Case class default values in constructor

[Tino]

Hi

I came across some odd behavior when using case classes with all default values in the constructor.
Basically I'm wondering if the outcome below is expected or am I doing it wrong?

Here is what I do:

### case class Test(name:String="Testing")
### val is : PartialFunction[Any,Unit] = { case Test(name) => println(name) }
### is(Test)
scala.MatchError: Test (of class Test$)
    at $anonfun$1.apply(<console>:9)
    at $anonfun$1.apply(<console>:9)
    at .<init>(<console>:11)
    at .<clinit>(<console>)
    at .<init>(<console>:11)
    at .<clinit>(<console>)
    at $print(<console>)
    at sun.reflect.NativeMethodAccessorImpl.invoke0(Native Method)
    at sun.reflect.NativeMethodAccessorImpl.invoke(Unknown Source)
    at sun.reflect.DelegatingMethodAccessorImpl.invoke(Unknown Source)
    at java.lang.reflect.Method.invoke(Unknown Source)
    at scala.tools.nsc.interpreter.IMain$ReadEvalPrint.call(IMain.scala:704)
    at scala.tools.nsc.interpreter.IMain$Request$$anonfun$14.apply(IMain.scala:920)
    at scala.tools.nsc.interpreter.Line$$anonfun$1.apply$mcV$sp(Line.scala:43)
    at scala.tools.nsc.io.package$$anon$2.run(package.scala:25)
    at java.lang.Thread.run(Unknown Source)

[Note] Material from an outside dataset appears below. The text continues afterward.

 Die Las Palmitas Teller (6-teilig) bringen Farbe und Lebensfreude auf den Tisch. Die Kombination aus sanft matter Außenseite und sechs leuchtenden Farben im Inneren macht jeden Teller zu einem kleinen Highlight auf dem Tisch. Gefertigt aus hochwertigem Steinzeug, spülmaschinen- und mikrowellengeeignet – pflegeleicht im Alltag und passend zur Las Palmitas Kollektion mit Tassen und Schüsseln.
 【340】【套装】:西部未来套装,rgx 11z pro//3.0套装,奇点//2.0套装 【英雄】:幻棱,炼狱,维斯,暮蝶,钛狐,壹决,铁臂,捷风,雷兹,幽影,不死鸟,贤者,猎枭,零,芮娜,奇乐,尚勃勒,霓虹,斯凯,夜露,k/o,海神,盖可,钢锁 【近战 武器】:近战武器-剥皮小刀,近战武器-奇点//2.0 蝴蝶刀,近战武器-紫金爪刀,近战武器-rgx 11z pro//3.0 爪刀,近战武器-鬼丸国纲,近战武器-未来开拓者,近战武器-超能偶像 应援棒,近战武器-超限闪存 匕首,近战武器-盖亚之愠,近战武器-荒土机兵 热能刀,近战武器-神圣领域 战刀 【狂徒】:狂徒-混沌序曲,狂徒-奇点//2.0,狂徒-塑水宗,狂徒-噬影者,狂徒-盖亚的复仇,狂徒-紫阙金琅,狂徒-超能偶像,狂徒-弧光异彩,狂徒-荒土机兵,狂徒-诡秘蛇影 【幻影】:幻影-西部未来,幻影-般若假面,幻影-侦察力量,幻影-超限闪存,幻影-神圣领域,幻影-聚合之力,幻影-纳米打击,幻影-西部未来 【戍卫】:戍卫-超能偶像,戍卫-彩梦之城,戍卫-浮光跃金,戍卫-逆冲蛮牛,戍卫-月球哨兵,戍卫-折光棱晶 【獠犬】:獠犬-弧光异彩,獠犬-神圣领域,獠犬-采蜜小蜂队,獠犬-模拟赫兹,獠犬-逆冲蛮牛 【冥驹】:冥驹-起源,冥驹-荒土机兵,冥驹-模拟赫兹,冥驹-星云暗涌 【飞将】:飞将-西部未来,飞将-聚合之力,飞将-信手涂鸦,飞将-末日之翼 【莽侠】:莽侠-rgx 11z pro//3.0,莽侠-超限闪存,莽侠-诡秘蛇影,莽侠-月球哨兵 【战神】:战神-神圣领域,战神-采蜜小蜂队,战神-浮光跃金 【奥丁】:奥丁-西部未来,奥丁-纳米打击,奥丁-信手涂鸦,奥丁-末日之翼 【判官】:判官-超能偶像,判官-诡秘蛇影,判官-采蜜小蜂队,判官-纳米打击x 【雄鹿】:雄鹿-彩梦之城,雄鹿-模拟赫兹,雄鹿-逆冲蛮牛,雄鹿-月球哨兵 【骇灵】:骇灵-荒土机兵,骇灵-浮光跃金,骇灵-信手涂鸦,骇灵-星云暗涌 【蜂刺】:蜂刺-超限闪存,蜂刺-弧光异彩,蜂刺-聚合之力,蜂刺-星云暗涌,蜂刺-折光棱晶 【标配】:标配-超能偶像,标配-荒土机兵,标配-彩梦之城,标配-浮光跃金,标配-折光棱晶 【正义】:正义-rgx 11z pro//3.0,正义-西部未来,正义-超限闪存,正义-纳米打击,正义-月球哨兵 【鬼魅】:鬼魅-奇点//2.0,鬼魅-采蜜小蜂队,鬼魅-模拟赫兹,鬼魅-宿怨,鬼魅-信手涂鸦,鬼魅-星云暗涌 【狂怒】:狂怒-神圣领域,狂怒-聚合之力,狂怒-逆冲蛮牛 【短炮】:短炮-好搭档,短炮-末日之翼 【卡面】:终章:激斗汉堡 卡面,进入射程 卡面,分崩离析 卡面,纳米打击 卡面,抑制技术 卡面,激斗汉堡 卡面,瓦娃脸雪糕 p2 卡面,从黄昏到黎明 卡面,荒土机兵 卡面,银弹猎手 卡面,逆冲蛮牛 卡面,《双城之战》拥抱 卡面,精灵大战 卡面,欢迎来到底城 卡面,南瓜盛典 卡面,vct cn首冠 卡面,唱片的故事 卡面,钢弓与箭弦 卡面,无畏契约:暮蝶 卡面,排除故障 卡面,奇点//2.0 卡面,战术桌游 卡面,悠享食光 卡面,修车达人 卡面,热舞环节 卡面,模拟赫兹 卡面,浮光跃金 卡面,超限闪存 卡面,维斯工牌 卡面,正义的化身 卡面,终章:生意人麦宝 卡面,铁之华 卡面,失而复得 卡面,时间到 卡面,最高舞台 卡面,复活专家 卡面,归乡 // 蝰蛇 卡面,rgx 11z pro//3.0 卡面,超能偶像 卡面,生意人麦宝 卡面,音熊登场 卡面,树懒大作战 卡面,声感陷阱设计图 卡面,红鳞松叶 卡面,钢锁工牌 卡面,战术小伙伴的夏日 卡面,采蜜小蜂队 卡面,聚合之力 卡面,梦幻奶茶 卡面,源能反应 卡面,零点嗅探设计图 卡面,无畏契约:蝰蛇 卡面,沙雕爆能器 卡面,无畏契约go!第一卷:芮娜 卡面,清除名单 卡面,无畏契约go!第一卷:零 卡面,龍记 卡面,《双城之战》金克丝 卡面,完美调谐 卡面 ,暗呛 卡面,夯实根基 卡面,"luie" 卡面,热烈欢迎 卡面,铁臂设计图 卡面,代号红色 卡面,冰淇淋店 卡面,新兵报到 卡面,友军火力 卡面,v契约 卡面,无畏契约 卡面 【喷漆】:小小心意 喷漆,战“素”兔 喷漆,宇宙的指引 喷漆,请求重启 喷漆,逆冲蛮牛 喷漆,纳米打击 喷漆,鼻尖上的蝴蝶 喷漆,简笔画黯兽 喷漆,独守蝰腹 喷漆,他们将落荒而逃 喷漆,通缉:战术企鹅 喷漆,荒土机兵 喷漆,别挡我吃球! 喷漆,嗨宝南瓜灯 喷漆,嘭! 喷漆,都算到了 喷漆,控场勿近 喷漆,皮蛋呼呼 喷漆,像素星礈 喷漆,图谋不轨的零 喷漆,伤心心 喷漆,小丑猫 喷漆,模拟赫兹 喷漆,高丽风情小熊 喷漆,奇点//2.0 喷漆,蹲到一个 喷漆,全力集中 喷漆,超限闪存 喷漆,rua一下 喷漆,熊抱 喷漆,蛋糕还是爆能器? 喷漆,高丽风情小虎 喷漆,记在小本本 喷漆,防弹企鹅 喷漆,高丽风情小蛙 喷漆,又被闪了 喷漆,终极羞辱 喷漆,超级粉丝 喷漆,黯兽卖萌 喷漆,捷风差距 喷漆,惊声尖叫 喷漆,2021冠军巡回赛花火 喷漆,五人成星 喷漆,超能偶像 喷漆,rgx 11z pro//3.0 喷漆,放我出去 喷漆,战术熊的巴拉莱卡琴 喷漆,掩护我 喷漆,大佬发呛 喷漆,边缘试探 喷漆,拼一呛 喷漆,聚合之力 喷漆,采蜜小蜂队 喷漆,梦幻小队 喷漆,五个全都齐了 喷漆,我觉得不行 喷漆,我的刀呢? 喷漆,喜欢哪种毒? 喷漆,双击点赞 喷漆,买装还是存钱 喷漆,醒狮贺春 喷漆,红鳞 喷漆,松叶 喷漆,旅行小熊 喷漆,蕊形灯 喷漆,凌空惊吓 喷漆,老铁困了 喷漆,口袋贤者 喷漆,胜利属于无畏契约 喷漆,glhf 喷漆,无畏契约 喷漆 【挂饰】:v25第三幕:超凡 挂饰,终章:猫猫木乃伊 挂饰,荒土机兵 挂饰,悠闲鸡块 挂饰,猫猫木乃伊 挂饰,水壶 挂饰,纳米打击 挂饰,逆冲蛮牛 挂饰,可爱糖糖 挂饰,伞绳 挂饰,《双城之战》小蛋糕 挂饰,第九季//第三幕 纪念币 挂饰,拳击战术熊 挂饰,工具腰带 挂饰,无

// using the following works as expected (no errors):
### is(new Test)
Testing

[Tino]

Ohhh, I think I just figured it out...

"Test" is the instance of the companion object and "new Test" is a new instance of the Test class. Hence I could simply do "Test()" and this would call "Test.apply()" and return me an instance of the Test class with the default values set.